In Johnson's case he has apparently declared all his donations - but not to all of the correct regulatory bodies - or rather he claims he did file it with the Electoral Commission but it didn't appear on their website. There is a claim that someone used a third party (his brother) to make a donation - but Johnson claims they checked the name and he appeared on the party membership list and they had no reason to question his bona fides. So at the most this seems to be an administrative error on part of Alan Johnson's office - if that.

Does this really merit the term 'sleaze'?

Lets take Peter Hain. Here we have the fact that rather a lot of money was not declared to the Electoral Commission (never has so much money been spent by so few for so little - why on earth did anyone want to be Deputy leader of the Labour party anyway?). But again no one thinks Peter Hain is a corrupt person - no one seriously alleges he wanted to conceal these donations deliberately - why would he have? Politicians have too much to lose. Rather it appears his office was guilty of, in Gordon Brown's wonderful phrase, 'an incompetence'. They didn't file the returns in time. Cock up, not conspiracy.

Wendy Alexander? She breached the law by accepting money from someone who was not a UK resident - again it appears that the correct checks were not made. Minor negligence surely - not corruption.

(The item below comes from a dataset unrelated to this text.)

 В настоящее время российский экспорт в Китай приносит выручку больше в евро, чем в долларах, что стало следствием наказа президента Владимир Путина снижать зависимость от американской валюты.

And yet, despite looking triffling in detail, collectively all this creates the impression of sleaze, especially when presented as such by sensationalist media headlines (both 24 hour news and the press being driven by the need to grab our easily distracted attentions). The conclusion most people will understandibly reach is 'they're a rotten lot' (not just Labour, but the whole political class).

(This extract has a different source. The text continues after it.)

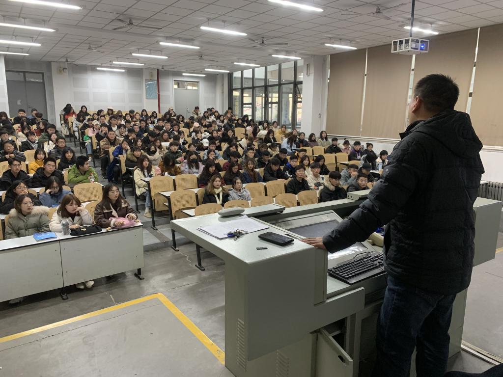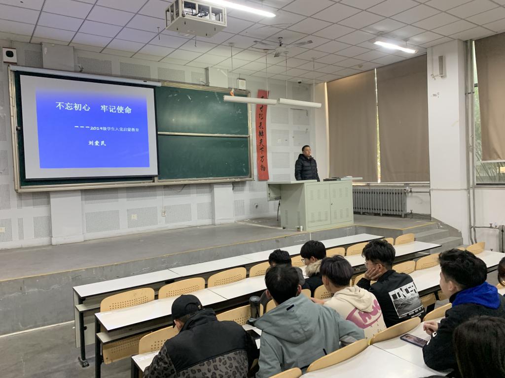 2019年12月3日下午,视觉传达设计学院党总支副书记刘爱民在七合堂,结合我校当前正在开展的“不忘初心,牢记使命”主题教育,给2019级新生上党课,对新生进行入党启蒙教育。

But this is not a sleazy administration nor is our politics especially corrupt by international standards. No serious or reasonable person is arguing that any of these people was trying to conceal donations so that they could return political favours. None of it is about personal financial gain - it is all about raising money for political campaigns, not their own pockets. It is series of silly mistakes, made by people who were behaving carelessly, hubristically, stupidly.

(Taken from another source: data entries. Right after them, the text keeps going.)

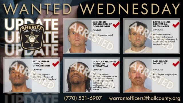 Five individuals featured on Hall County Wanted Wednesday postings, one dating back to 2023, have been accounted for in recent days in a variety of ways.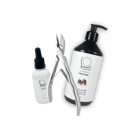 ערכה לטיפוח הציפורניים ברגליים (שמן רגליים, סבון וצבת לגזירת ציפורניים)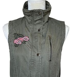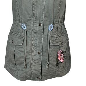 Jolt Women’s Green Military Utility Vest Jacket Size S Embroidered Roses Zip

Nor is any of this Gordon Brown's fault - it all happened before he took over and without his knowledge.

Where now? Clearly blaming media sensationalism will get us nowhere. I think the media does play a key role in undermining public faith in democratic politics and should not be immune (as many journalists seem to believe it should be) from criticism. But the way politicians operate in interaction with the media (spin etc) is as much to blame for the fact that the public and the political class speak to one another through an utterly distorted prism of populist headlines designed to stir us up rather than engage us in a reasonable conversation.

Clearly we need to get a grip - we urgently need a major reform of party funding (caps on spending, clearer regulations on reporting that everyone understands, caps on individual donations, state funding) and we need the Labour party to make sure all of its leading figures understand the rules we ourselves introduced.